Carlyle Gbei : Première chose à retenir : c’est la rentrée politique la plus médiatisée de cette année . Elle intervient quelques mois après la reconduction d’Elisabeth Borne à Matignon alors que des rumeurs persistantes donnaient favoris le locataire de la place Beauvau. Dans la foulée de ce remaniement dit  « technique », Gérarld Darmanin avait annoncé sa rentrée politique dans son fief de Tourcoing. Sur la forme, ce fut une rencontre plutôt conviviale. Pour le discours, un décor sorbre , seul un pupitre pas de drapeaux. Des frites et de la bière pour clôturer les travaux après les deux discours aux allures de face à face entre le ministre de l’intérieur et la première ministre dont l’arrivée a été annoncée à la dernière minute sous la pression du chef de l’état selon son entourage. Une rencontre fidèle donc à l’esprit de son initiateur. 

Sur le fond , le maire de Tourcoing  a voulu se positionner comme le défenseur des classes populaires face aux populistes. Tout en saluant l’action du Président de la république et de la majorité, il a toutefois mis en garde à travers cette série d’anaphore : « il faut comprendre et respecter » contre un délaissement des classes populaires. Il a rappelé que la sécurité était la première politique sociale. En résumé , on a eu un ministre de l’Intérieur qui sort de son couloir pour parler des sujets non-régaliens tels que l’éducation, le travail, l’écologie …

Face aux procès en trahison, l’élu du nord a martelé que « la fidélité et la loyauté consistent à ne pas se taire alors qu’on pense différemment ». De manière plus trivial, « loyal mais libre» comme dirait Edouard Philippe.

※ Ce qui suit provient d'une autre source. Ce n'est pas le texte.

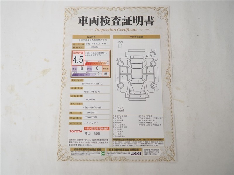 詳細及び現状の車両状態につきましては、店舗スタッフまでお尋ねください。 - 注2)上記と同様の評価点・状態表を「車両検査証明書」として店舗の展示車両に搭載しております。

Qu’est-ce qu’il incarne politiquement au sein de la macronie ? Comme plus largement dans le pays ?

Arnaud Benedetti : Il entend incarner son aile sociale et populaire. Élu de Tourcoing, il fait de cette implantation la martingale de sa singularité. Il se veut républicain intransigeant, gaulliste sur les questions économiques et sociales, emblématique du rétablissement de l’autorité là où celle-ci est mise à mal. Le macronisme qui opère comme un agrégateur de sensibilités politiques au gré des circonstances n’a jamais intégré cette offre dans son camaïeu idéologique. C’est l’initiative du ministre de l’intérieur qui implémente cette offre dans le nid du macronisme. C’est un fait qu’Emmanuel Macron n’en est pas pour une fois à l’initiative. Le Président subit de facto à l’intérieur de son propre camp pour la première fois une tentative de greffe dont il n’est pas le maître. Cela signifie de l’intérieur une remise en question de l’apparente cohérence idéologique du macronisme, même si Gérald Darmanin professe sa loyauté à l’adresse du Chef de l’Etat. Pour autant et en creux il porte une critique évidente du logiciel de la majorité présidentielle en opérant une mobilisation autour de sa personne.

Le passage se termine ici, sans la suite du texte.